We also have a number of required short training modules on things like, specific regulations, don't bribe government officials, don't plug the thumb drive you found on the floor at a trade show into your work computer, etc.
Kudos to you Linsey .
But I can tell you , out there in the industry , not many companies think like you .
They won't touch brand new PMs with a 10 foot barge pole .
They want you to walk in with loads of experience under your belt .
I too am happy to see a company considering hiring without or with little experience. I am a career changer so I have plenty of work experience with strong customer service and have run into the wall of not having enough PM experience under my belt. I do have PM certificate of completion and some experience that I am winging it as I go. Would love to work under a senior level PM to learn more.
I can speak from the perspective of the newbie I was about seven years ago. I joined the PM team from within the company. The director brought me in as a project management specialist and groomed me for the PM manager position, which I was promoted into about two years later.
During that two-year period, I took the initiative to take basic project management classes online through ed2go (inexpensive), which helped me understand terminology, tools and basic fundamentals of the practice, and led to a CAPM. In the meantime, my director had me do the back shop work for the team such as process mapping, user guides and updating templates. Then she assigned me to manage interns for an internal project, setting up checkpoints for me to present her with milestone deliverables to monitor my progress.
If I were on-boarding someone new today, I would follow the same path: Hire someone self-motivated to learn, encourage this person to research and utilize external sources of learning, delegate tasks that support experienced PMs and assign an internal project with close monitoring. It worked for me!
What it does mean that your organization is giving a project manager role to people that never performed the role before? If that the case bad news: the Peter Principle. Good news. each person in this world is performing project management from the time they wake up to the time then go to bed. The point is the degree of formality they are doing that. So, when I am in your situation what I do is this: 1-take the method to managing projects defined into the organization. The method will have process life cycle, tools and techniques plus the governance component. 2-train people on the method. Do not train the people on project management by the book. 3-forget about to send the people to formal training. What you need is people trained on your organization way to perform project management.
My idea of on-boarding is taking someone with a skills set and getting them familiar with a new environment. In your case, it sounds like you are talking training, if not outright education.

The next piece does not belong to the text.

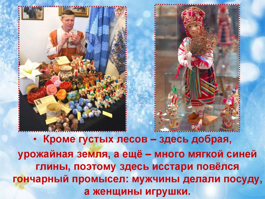 • Кроме густых лесов – здесь добрая,урожайная земля, а ещё – много мягкой синей
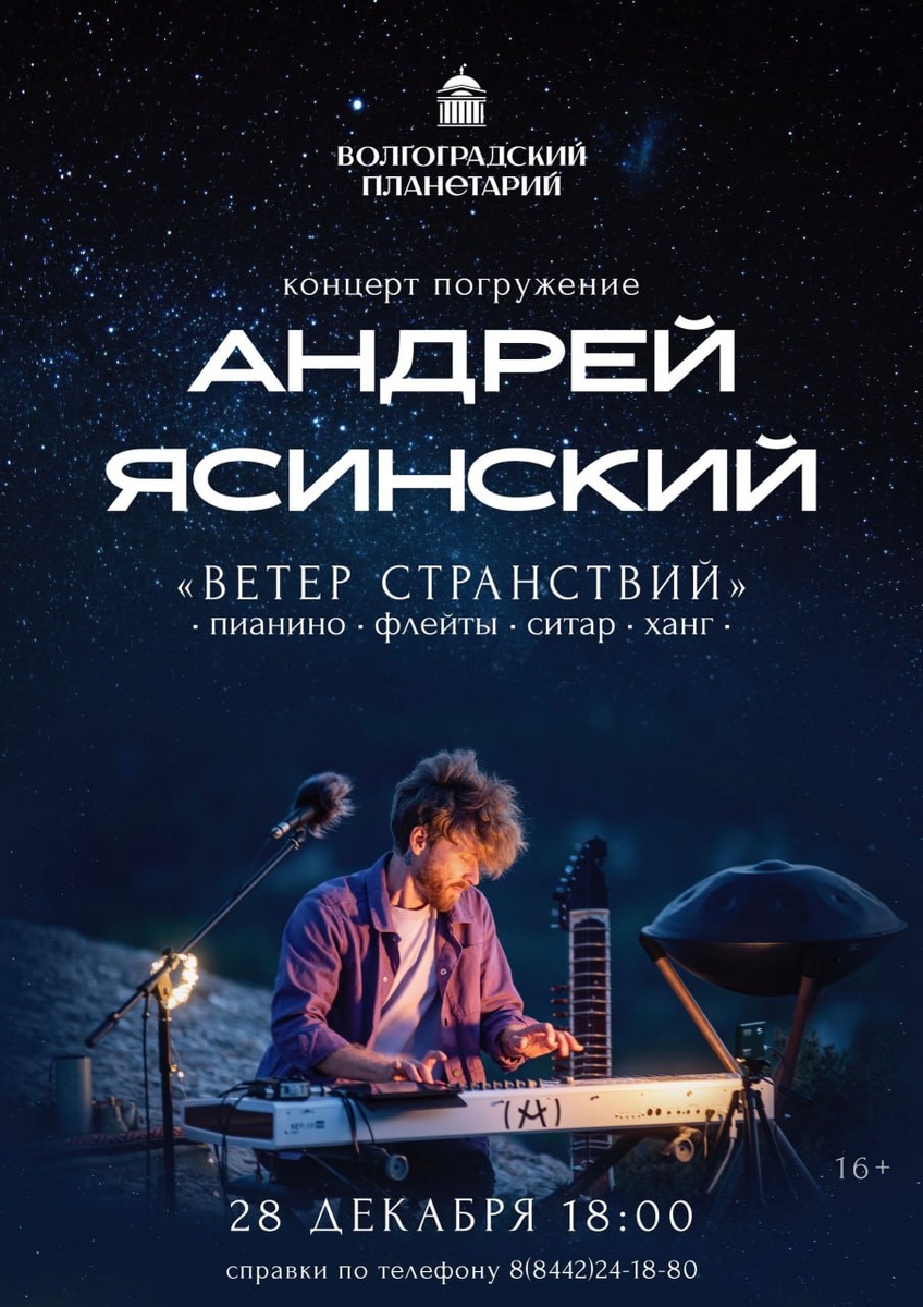 .......................................... КОНЦЕРТ-ПОГРУЖЕНИЕ "ВЕТЕР СТРАНСТВИЙ" #КонцертВпланетарии .......................................... Концерт Андрея Ясинского - это путешествие в мир спокойствия и внутреннего слияния со звукотишиной. Этот концерт - необычный опыт, где ритмы музыки переплетаются со звуками природы, создавая гармонию, которая завораживает и успокаивает душу. Вы погрузитесь в самые глубины своего сознания, где музыка становится мостом между нами и нашим внутренним "Я". Андрей будет вести вас через тихие и медитативные мелодии, приносящие любовь, покой и озарение. В этом музыкальном пространстве каждая нота и каждая пауза станут источником вдохновения и ясного созерцания! Фортепиано, ханг, равваст, флейты народов мира, окарина, индийский ситар и другие редкие инструменты в руках Андрея рождают совершенно неземную, космическую музыку, проникающую в душу, бережно раскрывающую каждое сердце. Храните дату и подготовьтесь к этой встрече со своим внутренним настро

As Sergio pointed out, it is interesting that you have to train project managers in project management. Usually you have to get the project management before you get to be called project manager.
Getting off my soapbox, you will need to provide your new project managers with an environment and experience that support and encourage them in their learning and growth. This is more than simply training. It's a whole experiential culture where people can fail and not be punished for it. It's a world where you learn by doing.